## EXTRACTED DATA
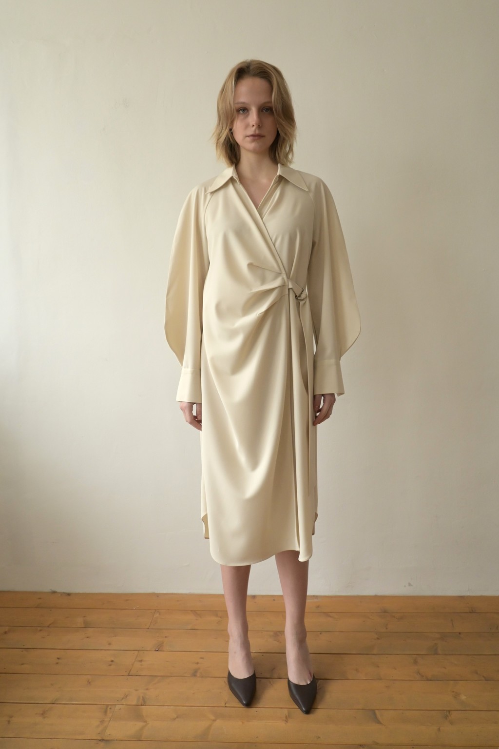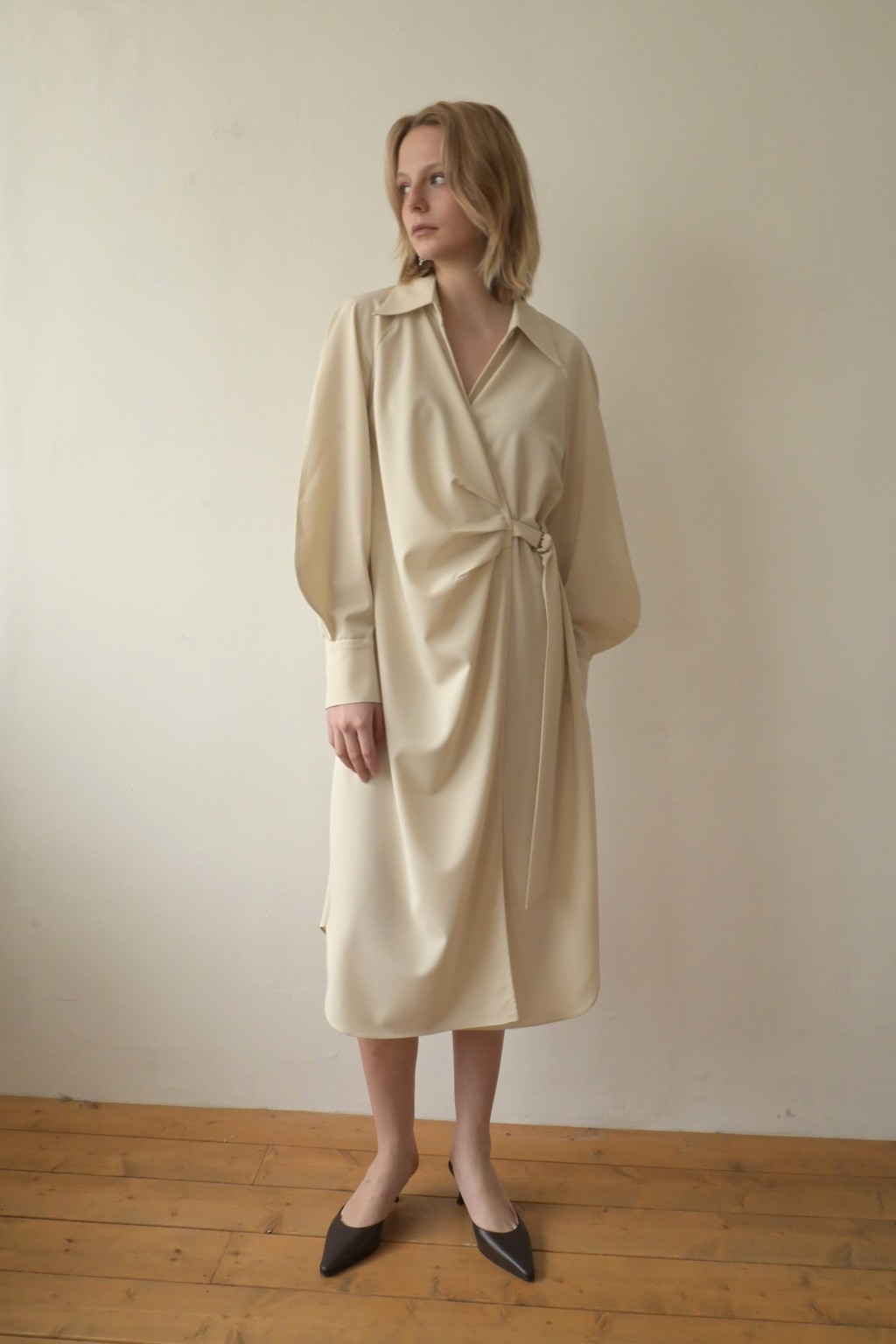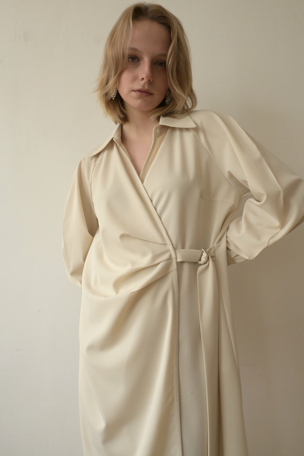 미색감이 돋보이는 V-NECK 랩 원피스입니다.
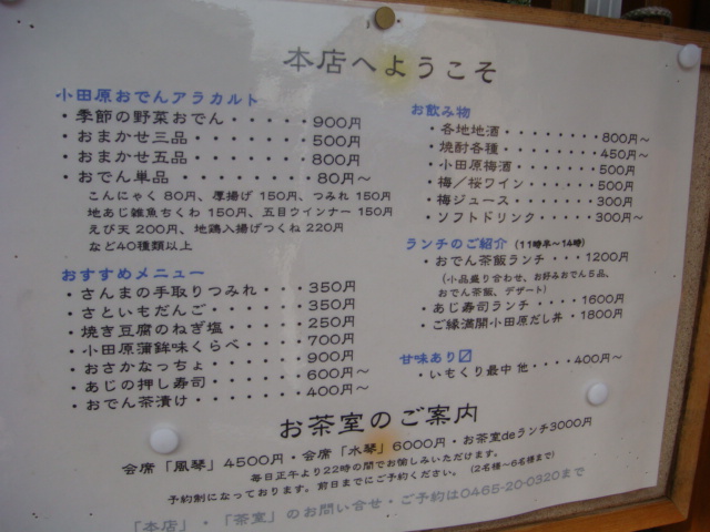 小田原駅から車で5分ぐらい、素敵なおでん屋さん発見。
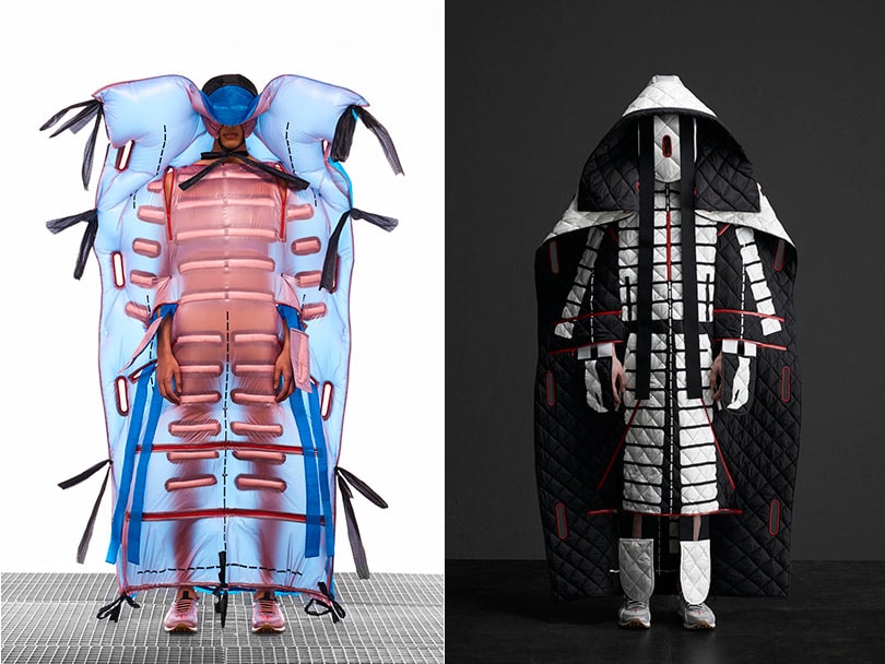 Statt auf Leichtigkeit setzt der britische Designer Craig Green auf Sicherheit. Dafür kreiert er Overalls aus Mikro-Ripstop-Nylon, einem leichten aber dennoch robusten Material. Optisch spielt er dabei mit den Moncler Daunenjacken und kreiert Silhouetten zwischen 2D und 3D. Durch das transparente Material ist der Körper im Kleidungsstück noch ersichtlich, die eigene Form geht jedoch davon ab und erinnert mehr an einen Fluganzug oder Bösewicht der Fernsehserie Power Rangers.
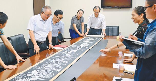 现场展示剪纸艺术作品《深圳上河图》(局部)。
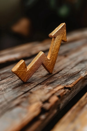 This image features a golden arrow symbol resting on a wooden surface, embodying concepts of growth, success, and positive direction in various contexts.
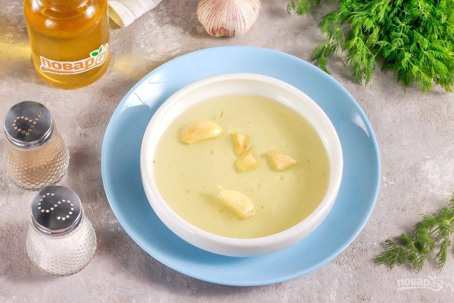 Очистите чесночные зубчики и промойте в воде. Выложите их в пиалу и залейте растительным маслом. По желанию можно нарезать зубчики слайсами, чтобы они быстрее отдали свой аромат маслу.
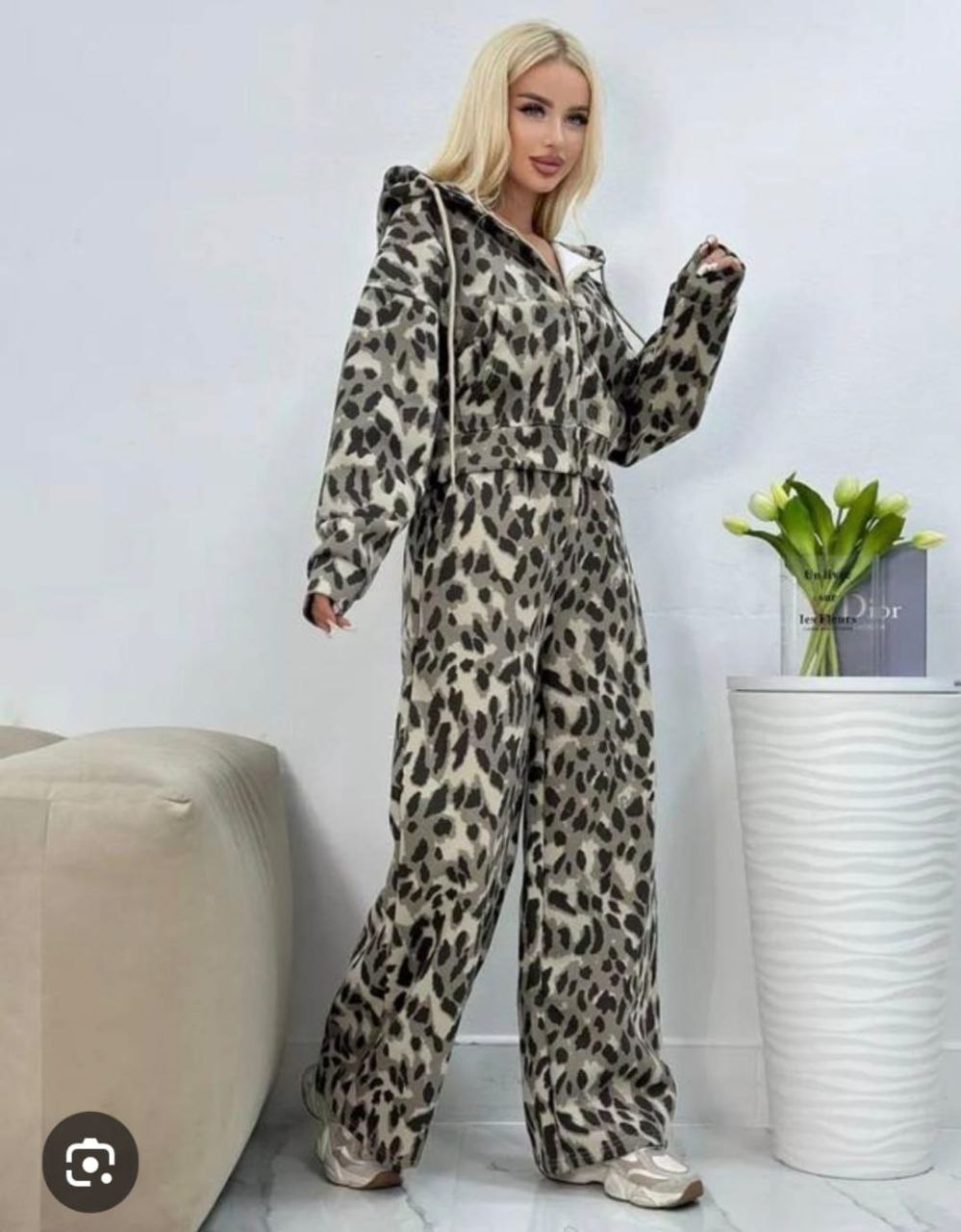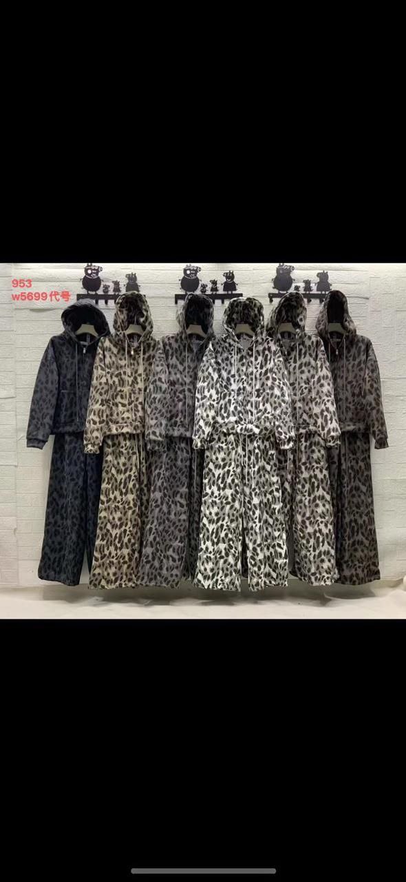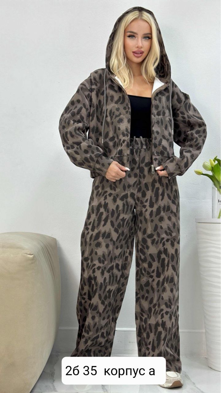 Женский спортивный костюм с леопардовым принтом, состоящий из укороченной кофты с капюшоном и брюк свободного кроя. Материал с начесом обеспечивает комфорт и тепло. Костюм застёгивается на молнию, оснащён накладными карманами. Принт в леопардовой гамме представлен в нескольких цветовых вариациях: от тёмно-коричневого до светло-бежевого с чёрными пятнами. Практичный вариант для прогулок, занятий спортом или домашнего использования. Размер единый.
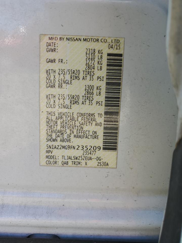 NISSAN MURANO 3.5 2015 р.в., (5N1AZ2MG9FN235209) з США
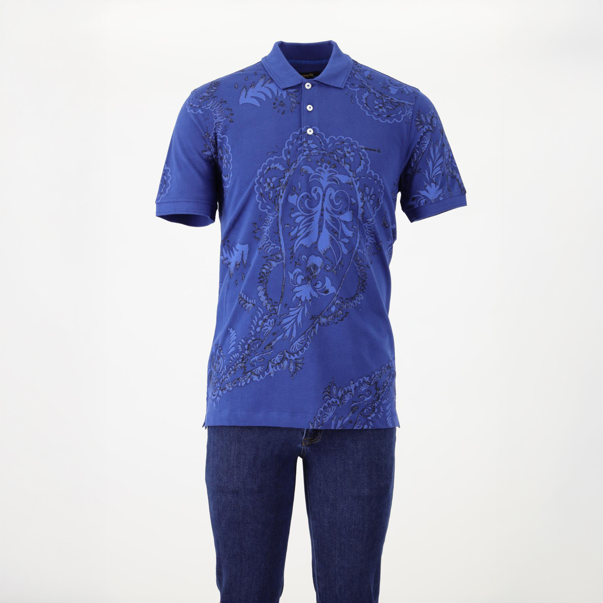 Product features: Polo yaka, düğme kapatmalı, şal desenli, T-shirt
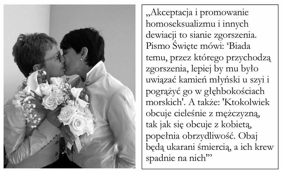 Czytam: Dewiacja, zgorszenie, biada, kamień młyński u szyi, pogrążyć w głębokościach morskich, obrzydliwość, ukaranie śmiercią, skąpani we krwi. To homoseksulaizm według jakiejś strasznej księgi, której autora nikt nie zna, który żył w czasach strasznych wojen, gdzie zwycięzcy brali wszystko, a gwałt na podbitych kobietach był kwnitesencją nagrody. Gdy brakowało kobiet, gwałcono podbitych wojowników. I księga to potępiała najwyraźniej, bo dumnemu wojownikowi nie powinno się robić takich strasznych rzeczy, jakie można robić tylko podbitej kobiecie. Każdej kobiecie, na dobrą sprawę.
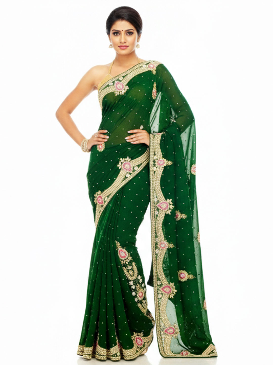 Green color Saree in Georgette fabric with Embroidered, Stone work
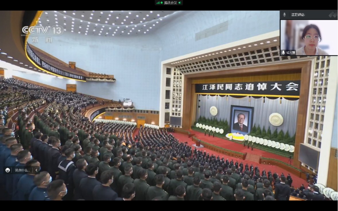 2022年12月6日上午,欧洲杯 研究生第七党支部同志怀着无比沉痛的心情,通过视频网站收听收看江泽民同志追悼大会,聆听习近平同志致悼词,深切悼念江泽民同志,缅怀其光辉伟大的一生。
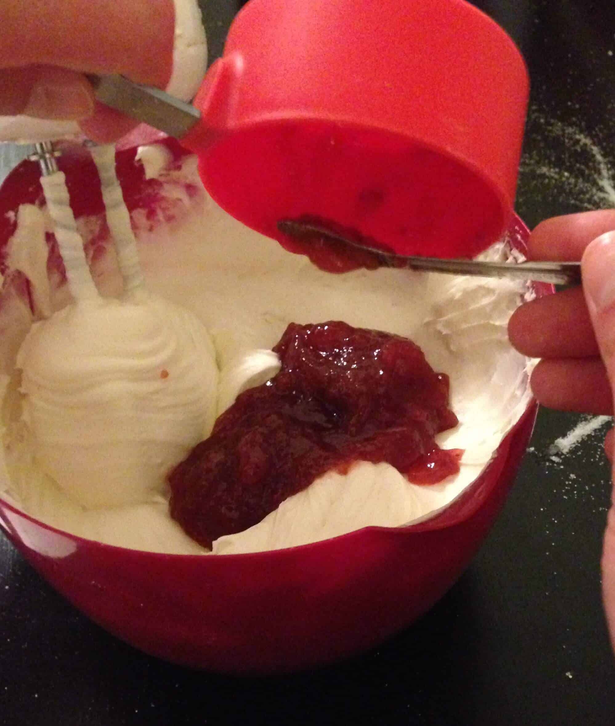 接下来我们加入酸奶油、6汤匙草莓酱和香草精,搅拌直到所有东西都混合在一起。我们分三次加入干的混合物,每次加入后都要搅拌。
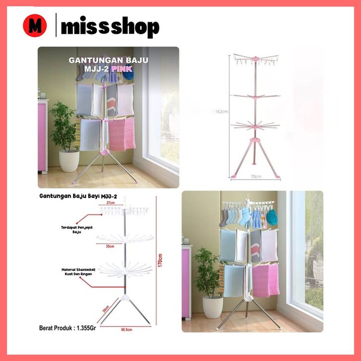 PROMO (MS) Jemuran Menara Rak Jemuran Baju Bayi Lipat Rak Susun Handuk Foldable Hanger 10 Jari-Jari
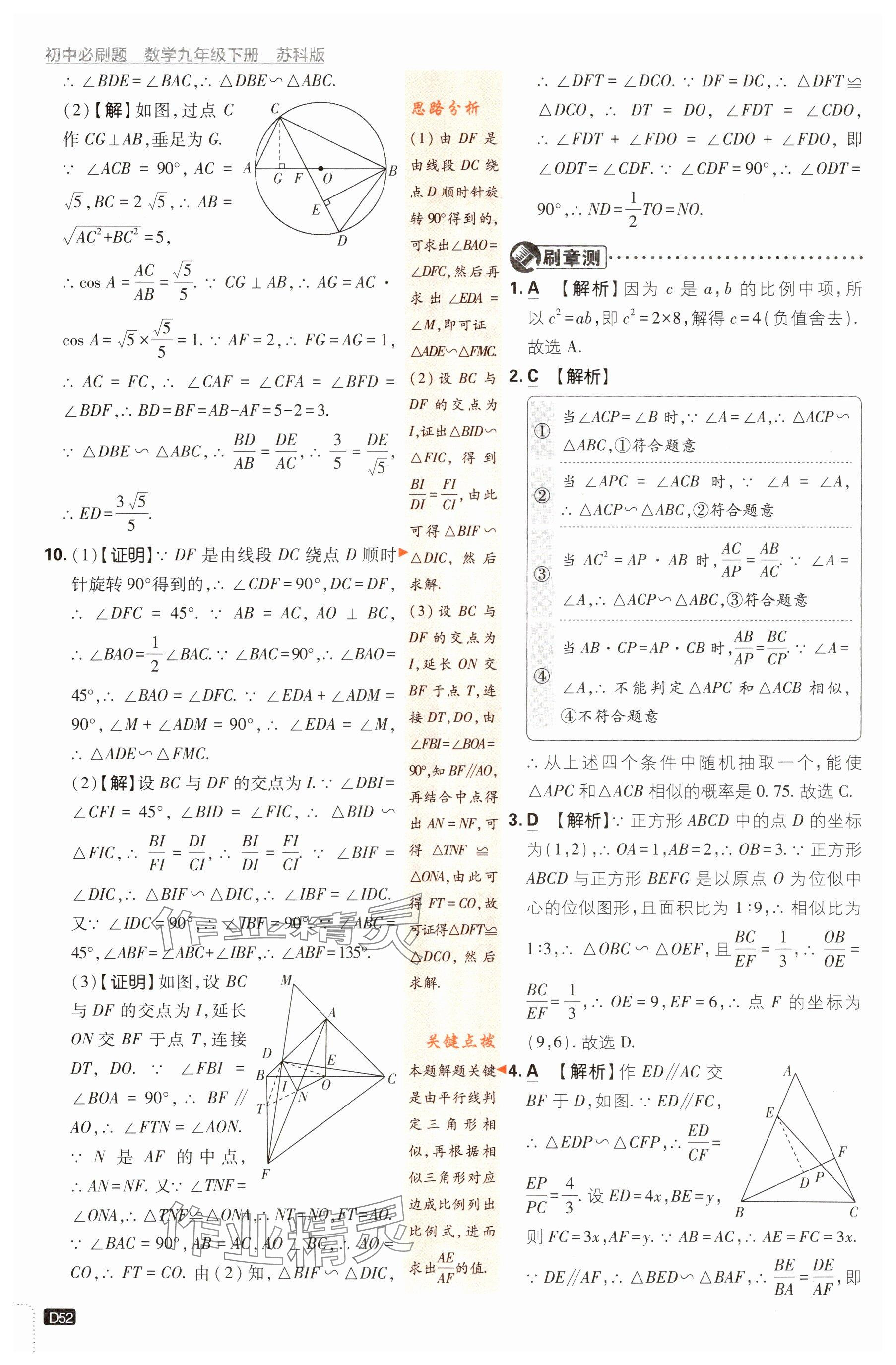 注:目前有些书本章节名称可能整理的还不是很完善,但都是按照顺序排列的,请同学们按照顺序仔细查找。练习册 2024年初中必刷题九年级数学下册苏科版 答案主要是用来给同学们做完题方便对答案用的,请勿直接抄袭。

## EXERCISE DESCRIPTION
Please write out all the entries above exactly, but leave out the pictures.

## RESULT
 미색감이 돋보이는 V-NECK 랩 원피스입니다.
 小田原駅から車で5分ぐらい、素敵なおでん屋さん発見。
 Statt auf Leichtigkeit setzt der britische Designer Craig Green auf Sicherheit. Dafür kreiert er Overalls aus Mikro-Ripstop-Nylon, einem leichten aber dennoch robusten Material. Optisch spielt er dabei mit den Moncler Daunenjacken und kreiert Silhouetten zwischen 2D und 3D. Durch das transparente Material ist der Körper im Kleidungsstück noch ersichtlich, die eigene Form geht jedoch davon ab und erinnert mehr an einen Fluganzug oder Bösewicht der Fernsehserie Power Rangers.
 现场展示剪纸艺术作品《深圳上河图》(局部)。
 This image features a golden arrow symbol resting on a wooden surface, embodying concepts of growth, success, and positive direction in various contexts.
 Очистите чесночные зубчики и промойте в воде. Выложите их в пиалу и залейте растительным маслом. По желанию можно нарезать зубчики слайсами, чтобы они быстрее отдали свой аромат маслу.
 Женский спортивный костюм с леопардовым принтом, состоящий из укороченной кофты с капюшоном и брюк свободного кроя. Материал с начесом обеспечивает комфорт и тепло. Костюм застёгивается на молнию, оснащён накладными карманами. Принт в леопардовой гамме представлен в нескольких цветовых вариациях: от тёмно-коричневого до светло-бежевого с чёрными пятнами. Практичный вариант для прогулок, занятий спортом или домашнего использования. Размер единый.
 NISSAN MURANO 3.5 2015 р.в., (5N1AZ2MG9FN235209) з США
 Product features: Polo yaka, düğme kapatmalı, şal desenli, T-shirt
 Czytam: Dewiacja, zgorszenie, biada, kamień młyński u szyi, pogrążyć w głębokościach morskich, obrzydliwość, ukaranie śmiercią, skąpani we krwi. To homoseksulaizm według jakiejś strasznej księgi, której autora nikt nie zna, który żył w czasach strasznych wojen, gdzie zwycięzcy brali wszystko, a gwałt na podbitych kobietach był kwnitesencją nagrody. Gdy brakowało kobiet, gwałcono podbitych wojowników. I księga to potępiała najwyraźniej, bo dumnemu wojownikowi nie powinno się robić takich strasznych rzeczy, jakie można robić tylko podbitej kobiecie. Każdej kobiecie, na dobrą sprawę.
 Green color Saree in Georgette fabric with Embroidered, Stone work
 2022年12月6日上午,欧洲杯 研究生第七党支部同志怀着无比沉痛的心情,通过视频网站收听收看江泽民同志追悼大会,聆听习近平同志致悼词,深切悼念江泽民同志,缅怀其光辉伟大的一生。
 接下来我们加入酸奶油、6汤匙草莓酱和香草精,搅拌直到所有东西都混合在一起。我们分三次加入干的混合物,每次加入后都要搅拌。
 PROMO (MS) Jemuran Menara Rak Jemuran Baju Bayi Lipat Rak Susun Handuk Foldable Hanger 10 Jari-Jari
 注:目前有些书本章节名称可能整理的还不是很完善,但都是按照顺序排列的,请同学们按照顺序仔细查找。练习册 2024年初中必刷题九年级数学下册苏科版 答案主要是用来给同学们做完题方便对答案用的,请勿直接抄袭。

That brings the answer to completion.